Stimulation & One-way Tickets

Brothers and sisters, I do not consider myself yet to have taken hold of it. But one thing I do: Forgetting what is behind and straining toward what is ahead, I press on toward the goal to win the prize for which God has called me heavenward in Christ Jesus.

-The Apostle Paul 

I puked today. I know, not the most appetizing opening sentence, but an honest one nevertheless. I wasn’t encountering any red lights when I asked Dr. Google if I could run with a sinus infection. So I went biking on Saturday and tried playing ultimate frisbee tonight, but ultimate was a fail. I ended up walking off the field in a coughing fit and actually puked up some of my dinner I was coughing so hard. 
It was disappointing, since I really wanted to play. It was also disappointing because I’ve already gone a couple weeks without playing, and I’m missing the stimulation that the gives me.
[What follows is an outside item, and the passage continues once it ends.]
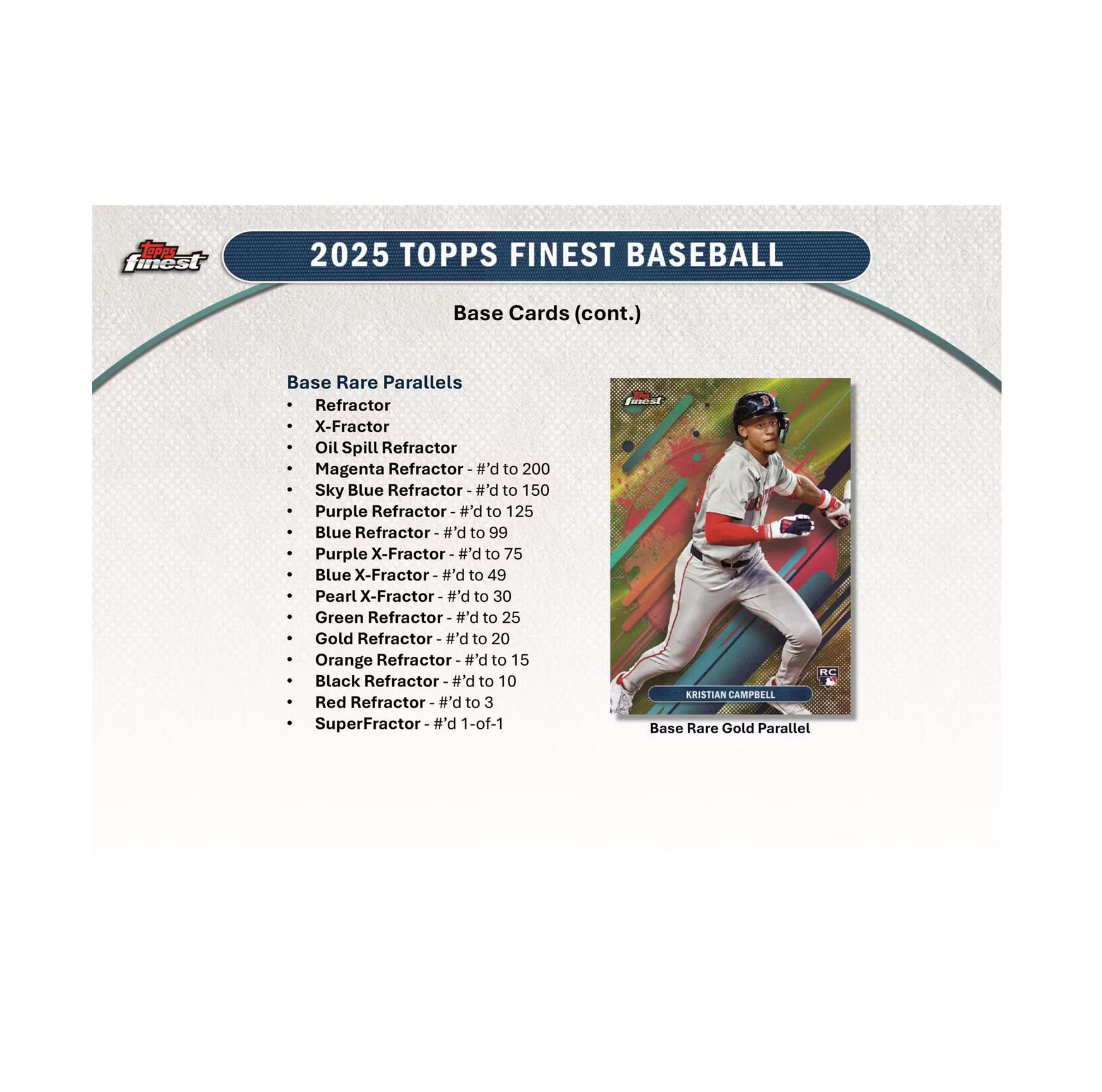 Look for 2 Chrome Autographs, 2 Base Card Refractors, 2 Base Cards Rare, 5 Base Card X-Fractors, 5 additional Base Card Parallels, and 10 insert cards or parallels per box on average.

The community, the competition, the sport, the physical demand – all of these things have characterized my Monday nights, and now I miss it. (My friends and I out here do frisbee every Monday night.) 
Being sick does this to you. It keeps you from doing this you love. It saps you of all energy. It retards bodily operation. IT OWNS YOU! It sucks! And the whole time you’re just waiting to get better, waiting for your energy to be restored, waiting for the antibiotics to kick in so you can be magically healed. And the worst part is that you don’t know when that will happen. 
There’s nothing super exciting about being sick at all. 
However, there MIGHT be something potentially exciting about one-way tickets. There’s the uncertainty of the return, which is not even guaranteed. There’s the potential of a new adventure, an unexpected route. And it can also be an all-around stressful ordeal. Stress, in its own right, is a form of excitement! The situation will stimulate something for sure. 
Whether or not you’re picking on this parallel I may be failing to draw, there is something stimulating about a negative situation. (Negativity here is being defined by what we as humans perceive to be harmful to our own personal goals.) And because we are human, we desperately need this stimulation, because it drives us to action. It forces us to examine ourselves and make changes. It brings us face-to-face to paradigms that may or not need to be shifted. And it moves us forward. 
And forward is the best place any of us can go. Whether you’re sick or only bought a one-way ticket. (In my case, it’s both.)